I expected a
lot of spectacle from Avengers: Endgame
but I didn’t expect all the emotional catharsis the movie delivered. This was a
fantastic movie and it was so much fun seeing it in a theater where the whole
audience was severely amped up.
People were cheering and hollering at the screen during the rousing moments,
and were dead silent during the sadder parts.
I was wary of
sitting in a theater for three hours but the movie didn’t feel that long. The
middle section, when the Avengers travel through time in search of the six
Infinity Gems, was pure Marvel, where countless comic stories involve the
heroes splitting up to find objects of value and combining them into one to
defeat the villain. It was amusing watching the team parade through greatest
hits in movies such as the first Avengers,
Captain America: The Winter Soldier, Doctor Strange, Thor: The Dark World
and Guardians of the Galaxy.
There was a
touch of sadness in the midst of all the fun. Half the universe’s population
dying is of course unimaginable. I wish the movie had time to show more of the
consequences of the halved population, as well as the consequences of what
happens when those people reappear five years later. It was an emotional roller
coaster up to that final confrontation with Thanos. The Black Widow’s death was
tragic and more meaningful that it drew on her decades-long comic history with
Hawkeye. It was moving to see Captain America, bloodied and broken, stand up to
Thanos as he did in the original Infinity
Gauntlet.
Then the
cavalry comes in, via teleportation discs from Doctor Strange moving the
resurrected heroes to the battle, and it’s on.
Seeing little groups of heroes appear out of nowhere to take on the Big Bad is
a classic Marvel storytelling moment. There were so many great touches to this
sequence, each of which got a huge cheer:
·
Captain
America wielding Mjölnir in battle, proving that he is as worthy as Thor to carry
it (something the comics use to signal that the situation is a true emergency,
and a moment that took my breath away)
·
Black
Panther and the Dora Milaje reappearing with the “Wakanda Forever” chant
·
The
Scarlet Witch staggering Thanos with her power, living up to her true potential
(git it, Wanda!)
·
Iron
Man’s emotional reunion with Spider-Man
·
The
women of Marvel—Captain Marvel, the Scarlet Witch, Valkyrie, the Wasp, Okoye
(and, I guess, Mantis)—gathering together (which I think was a really subtle
callback to an obscure comic moment)
·
Doctor
Strange holding up one finger surreptitiously to Iron Man, a winking
acknowledgement that this is the one scenario of billions in which they will
win
·
Cap
finally saying the old battle cry “Avengers Assemble”
It just went
on and on. It was a huge, fun, thrilling catharsis.
Then Iron Man
makes the ultimate sacrifice, in a scene that was an amazing sendoff for his
character. Pepper tells him she and their daughter will be OK and that he can
rest. Tony Stark, who had settled into a quiet life and wanted no parts of
superheroing, saves the universe.
Captain America
gets a happier ending, going back in time to live out a full life with Peggy
Carter, coming back as a 100-year-old man and passing the shield to Sam Wilson.

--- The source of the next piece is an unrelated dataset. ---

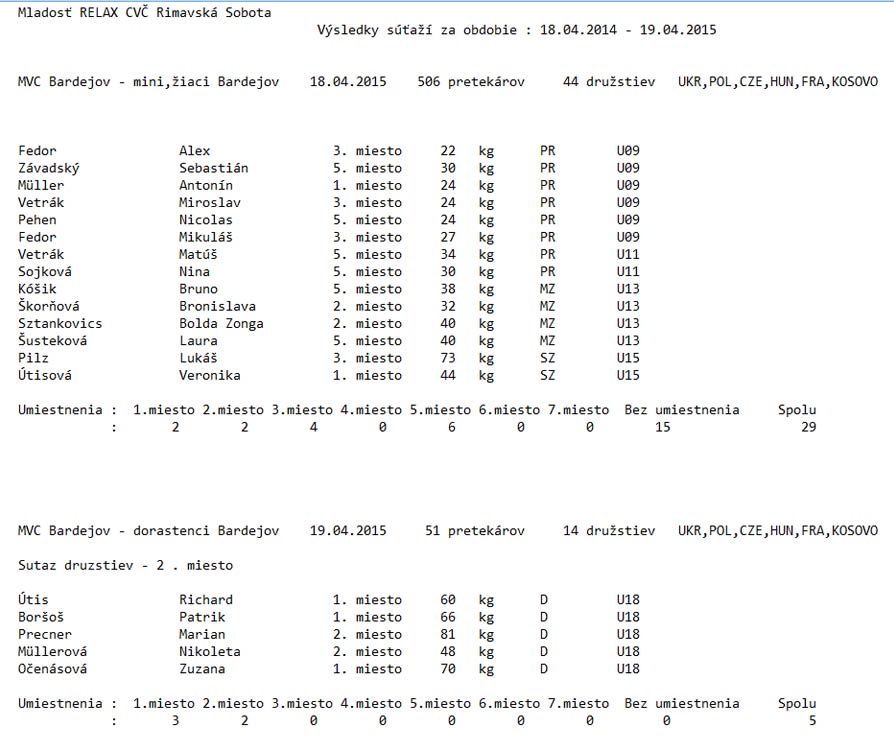 Džudisti TJ Mladosť CVČ Relax obohatili svoju zbierku medailí o ďalších trinásť. Získali ich na Medzinárodnej veľkej cene o pohár primátora mesta Bardejov. Ako ďalej Rimava.sk informoval Jozef Nociar, tréner TJ Mladosť CVČ Relax Relax, súťaže, ktorá sa konala počas dvoch dní, 18. až 19. apríla, sa zúčastnilo viac ako štyridsať družstiev z Maďarska, Čiech, Chorvátska, Ukrajiny, Ruska, Poľska, Francúzka, Srbska, Kosova a Slovenska. Celkovo sa do boja o medaily zapojilo približne päťsto pretekárov.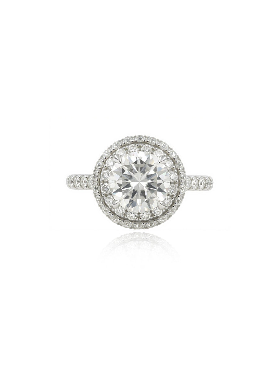 The round-cut center diamond or gemstone of your choice is highlighted by the pavé-set diamonds on the halo and around each side of the shank of this stunning engagement ring. For gemstones and fancy-shaped diamonds, please allow extra time.

The last scene shows the two dancing to a song they never got to dance to in
the original timeline. It was a lovely, emotional, perfect end for this
character.
Avengers: Endgame made me reflect on how visible comic
book characters are now as a medium. I read my first issue of the Avengers in 1983 and since then, in one
form of another, I have a good chunk of the original run of the series. Yet in
those early years, not a lot of the general public would have known who most of
these superheroes were. Now they’re everywhere, and it’s amazing to see so many
other people getting joy out of what has brought me joy.
The great
thing about seeing this movie in a theater was that we could all react together.
Each sequence in the battle with Thanos had its own group of people cheering
for it. Everybody had their own favorite character to root for. Someone was
cheering for the Scarlet Witch (tied for my favorite character with Storm) and
it just made me feel this stranger and I had something in common, a fleeting
connection with someone I’ll never meet.